» Extracted entries:

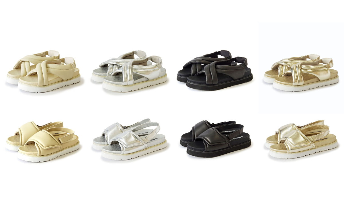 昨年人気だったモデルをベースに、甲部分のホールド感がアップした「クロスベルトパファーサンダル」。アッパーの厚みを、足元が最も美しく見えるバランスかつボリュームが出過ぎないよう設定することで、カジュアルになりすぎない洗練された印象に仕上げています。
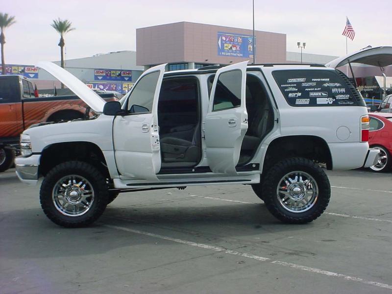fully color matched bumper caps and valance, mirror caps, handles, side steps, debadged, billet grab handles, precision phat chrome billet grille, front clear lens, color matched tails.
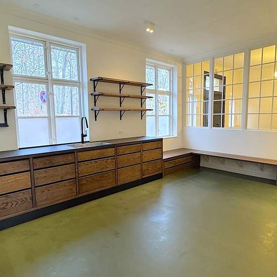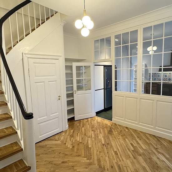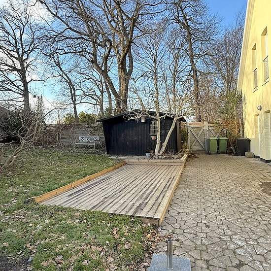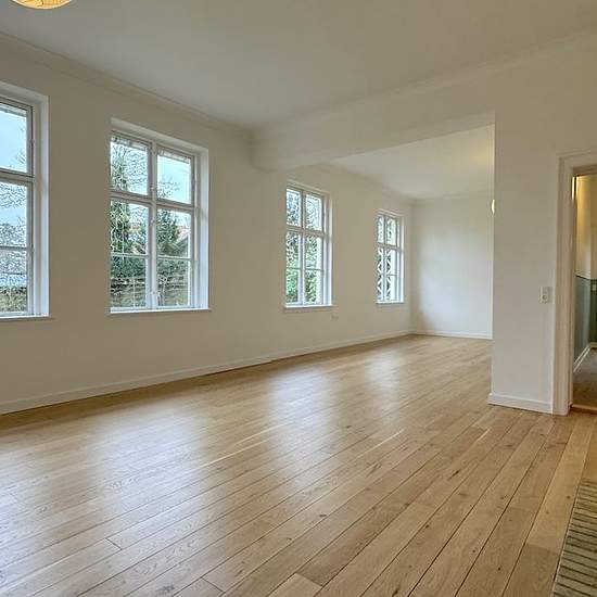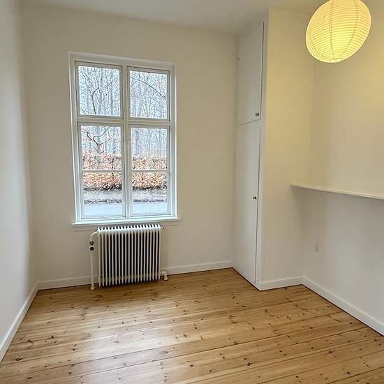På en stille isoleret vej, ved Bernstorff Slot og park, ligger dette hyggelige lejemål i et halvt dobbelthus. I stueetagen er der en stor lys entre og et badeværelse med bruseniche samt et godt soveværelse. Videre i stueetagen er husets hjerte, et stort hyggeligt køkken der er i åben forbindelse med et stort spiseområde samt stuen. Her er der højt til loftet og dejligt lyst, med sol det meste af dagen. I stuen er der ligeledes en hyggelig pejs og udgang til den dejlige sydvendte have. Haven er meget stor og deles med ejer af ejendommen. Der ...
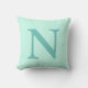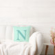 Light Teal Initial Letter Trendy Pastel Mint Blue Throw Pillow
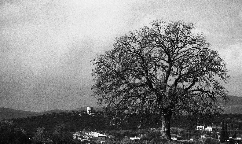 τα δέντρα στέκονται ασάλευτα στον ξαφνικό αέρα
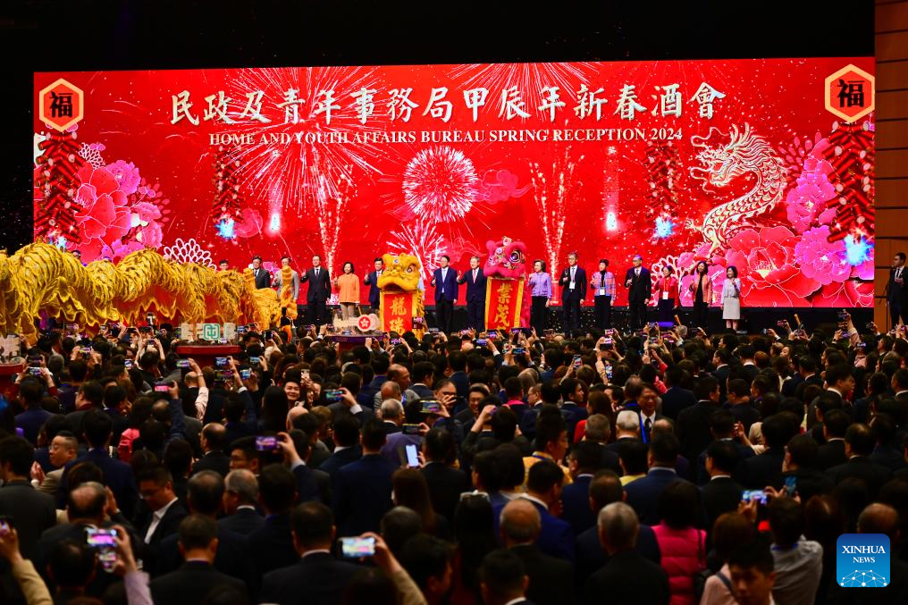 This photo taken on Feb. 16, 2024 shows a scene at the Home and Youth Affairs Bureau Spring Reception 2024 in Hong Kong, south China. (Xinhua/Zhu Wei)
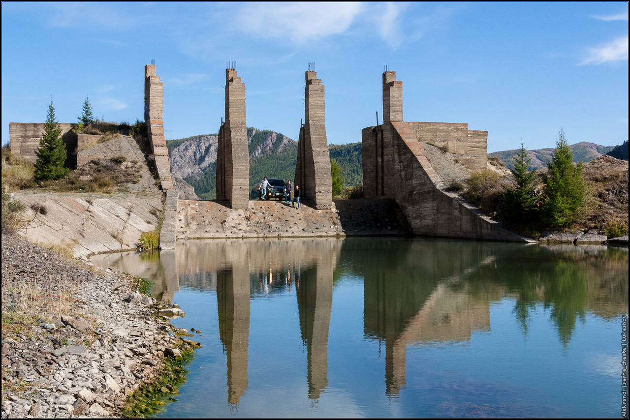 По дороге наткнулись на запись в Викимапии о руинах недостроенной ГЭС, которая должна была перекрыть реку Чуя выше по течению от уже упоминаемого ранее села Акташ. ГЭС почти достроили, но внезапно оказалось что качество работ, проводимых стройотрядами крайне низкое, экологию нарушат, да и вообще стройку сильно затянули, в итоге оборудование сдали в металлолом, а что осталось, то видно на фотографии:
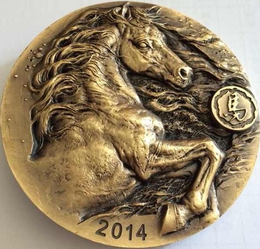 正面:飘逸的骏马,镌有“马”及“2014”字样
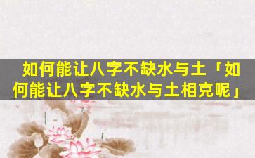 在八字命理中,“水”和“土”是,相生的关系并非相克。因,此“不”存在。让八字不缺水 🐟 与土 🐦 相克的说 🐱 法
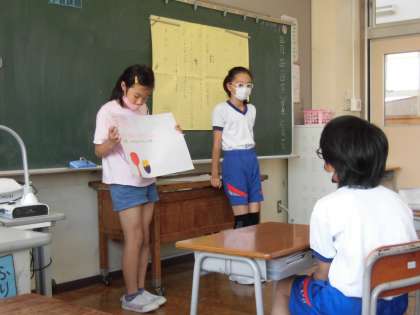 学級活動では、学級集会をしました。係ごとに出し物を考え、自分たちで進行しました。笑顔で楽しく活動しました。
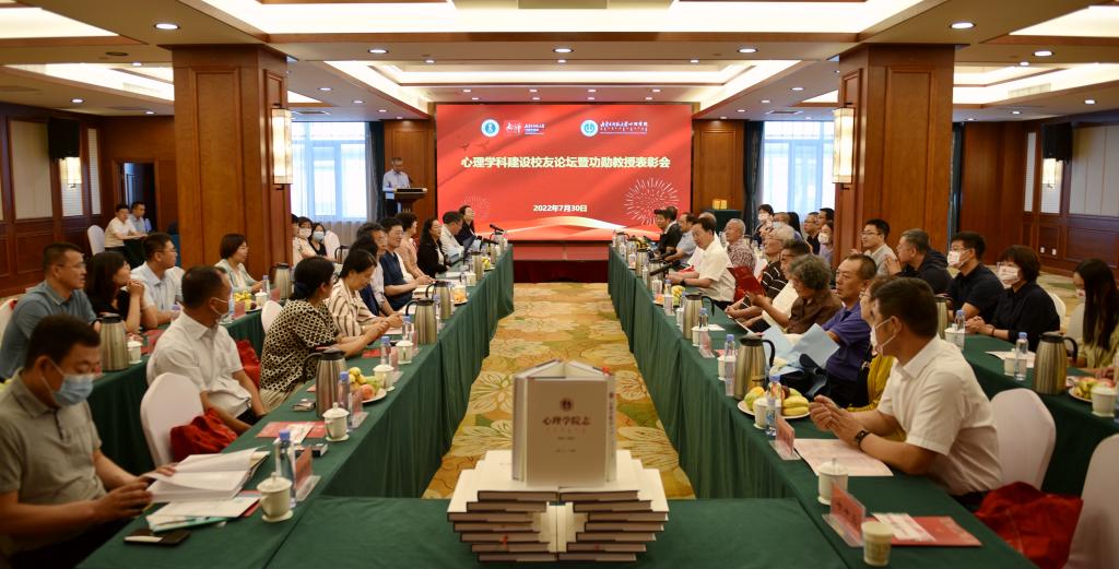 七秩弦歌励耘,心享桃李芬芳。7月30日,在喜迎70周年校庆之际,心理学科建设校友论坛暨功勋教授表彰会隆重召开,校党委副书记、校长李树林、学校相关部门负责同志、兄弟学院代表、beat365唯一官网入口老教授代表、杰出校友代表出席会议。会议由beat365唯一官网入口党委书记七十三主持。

--

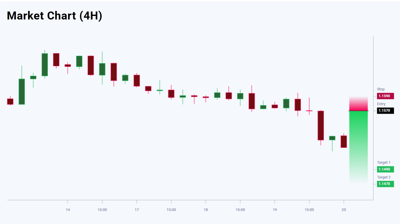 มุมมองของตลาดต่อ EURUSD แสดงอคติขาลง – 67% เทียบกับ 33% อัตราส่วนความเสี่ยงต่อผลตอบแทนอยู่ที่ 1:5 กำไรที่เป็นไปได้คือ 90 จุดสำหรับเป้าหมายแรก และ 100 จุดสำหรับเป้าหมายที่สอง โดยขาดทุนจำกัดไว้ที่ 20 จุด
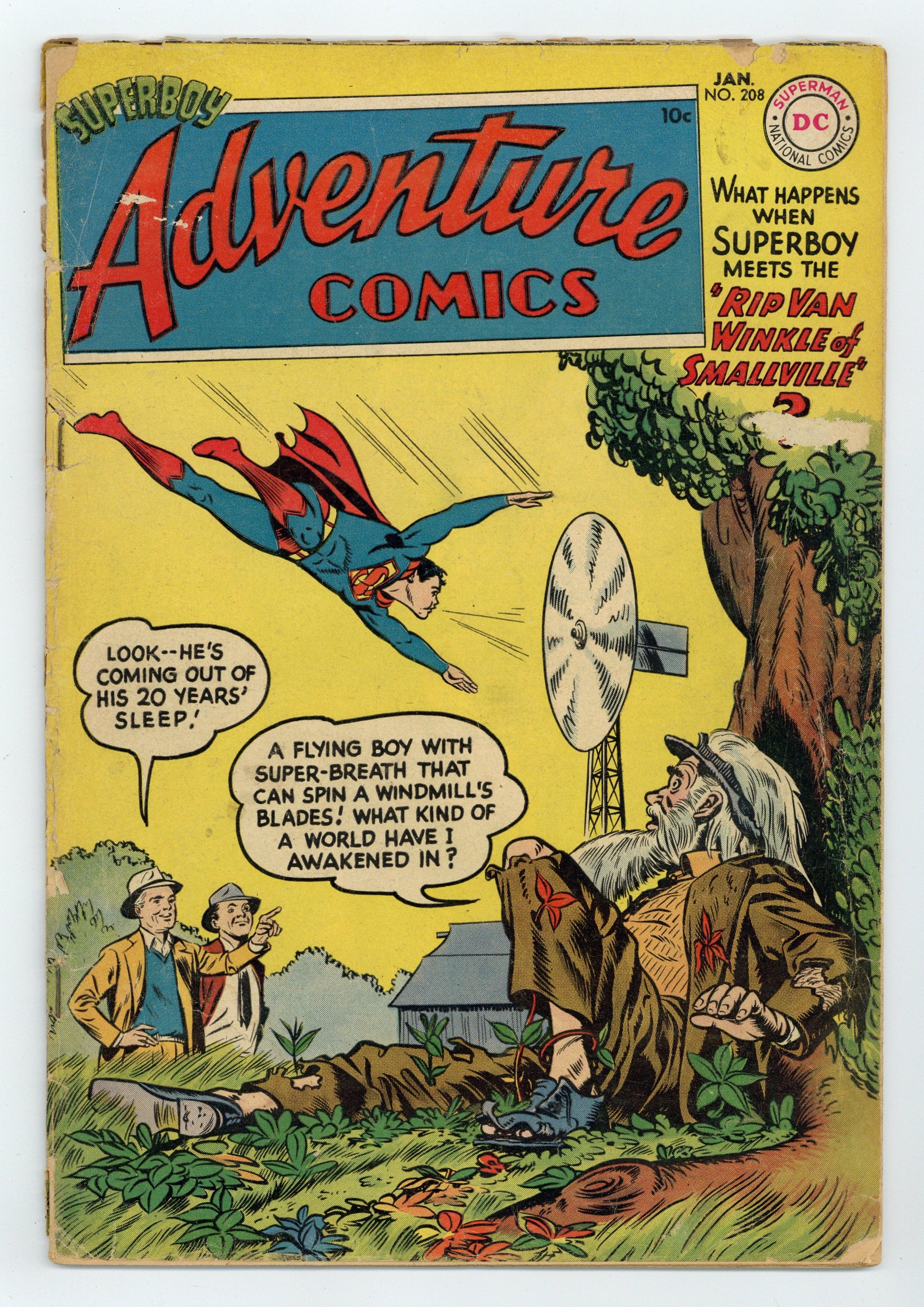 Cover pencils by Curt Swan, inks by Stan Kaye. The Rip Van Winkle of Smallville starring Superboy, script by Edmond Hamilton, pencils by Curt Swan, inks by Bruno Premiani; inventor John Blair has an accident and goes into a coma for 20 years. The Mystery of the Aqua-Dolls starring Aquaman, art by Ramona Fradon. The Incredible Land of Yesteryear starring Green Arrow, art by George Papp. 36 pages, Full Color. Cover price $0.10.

---

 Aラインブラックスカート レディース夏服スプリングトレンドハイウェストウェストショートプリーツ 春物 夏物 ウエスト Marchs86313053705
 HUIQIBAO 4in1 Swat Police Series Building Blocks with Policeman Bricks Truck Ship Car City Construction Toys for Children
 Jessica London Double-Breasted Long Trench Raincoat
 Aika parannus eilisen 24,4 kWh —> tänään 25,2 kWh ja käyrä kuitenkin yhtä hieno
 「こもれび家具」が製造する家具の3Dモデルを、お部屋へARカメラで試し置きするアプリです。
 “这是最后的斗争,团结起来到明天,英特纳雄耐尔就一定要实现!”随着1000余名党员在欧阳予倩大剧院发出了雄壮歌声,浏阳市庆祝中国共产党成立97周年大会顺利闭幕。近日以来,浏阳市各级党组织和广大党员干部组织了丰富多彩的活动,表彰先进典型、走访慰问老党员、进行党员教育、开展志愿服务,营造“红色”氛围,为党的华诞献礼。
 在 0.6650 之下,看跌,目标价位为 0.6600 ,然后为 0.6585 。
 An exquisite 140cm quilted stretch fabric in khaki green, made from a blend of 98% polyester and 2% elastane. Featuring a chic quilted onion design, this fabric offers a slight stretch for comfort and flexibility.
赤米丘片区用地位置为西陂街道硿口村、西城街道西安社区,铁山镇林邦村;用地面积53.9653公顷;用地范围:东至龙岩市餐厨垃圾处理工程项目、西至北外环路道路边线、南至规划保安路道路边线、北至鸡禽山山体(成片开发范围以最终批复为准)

» What you are asked to do:
In the entries above, every line from the line with "昨年人気だったモデルをベース" to the line with "τα δέντρα στέκονται" is to be printed exactly, with both ends included and pictures excluded.

» Task output:
 昨年人気だったモデルをベースに、甲部分のホールド感がアップした「クロスベルトパファーサンダル」。アッパーの厚みを、足元が最も美しく見えるバランスかつボリュームが出過ぎないよう設定することで、カジュアルになりすぎない洗練された印象に仕上げています。
fully color matched bumper caps and valance, mirror caps, handles, side steps, debadged, billet grab handles, precision phat chrome billet grille, front clear lens, color matched tails.
På en stille isoleret vej, ved Bernstorff Slot og park, ligger dette hyggelige lejemål i et halvt dobbelthus. I stueetagen er der en stor lys entre og et badeværelse med bruseniche samt et godt soveværelse. Videre i stueetagen er husets hjerte, et stort hyggeligt køkken der er i åben forbindelse med et stort spiseområde samt stuen. Her er der højt til loftet og dejligt lyst, med sol det meste af dagen. I stuen er der ligeledes en hyggelig pejs og udgang til den dejlige sydvendte have. Haven er meget stor og deles med ejer af ejendommen. Der ...
 Light Teal Initial Letter Trendy Pastel Mint Blue Throw Pillow
 τα δέντρα στέκονται ασάλευτα στον ξαφνικό αέρα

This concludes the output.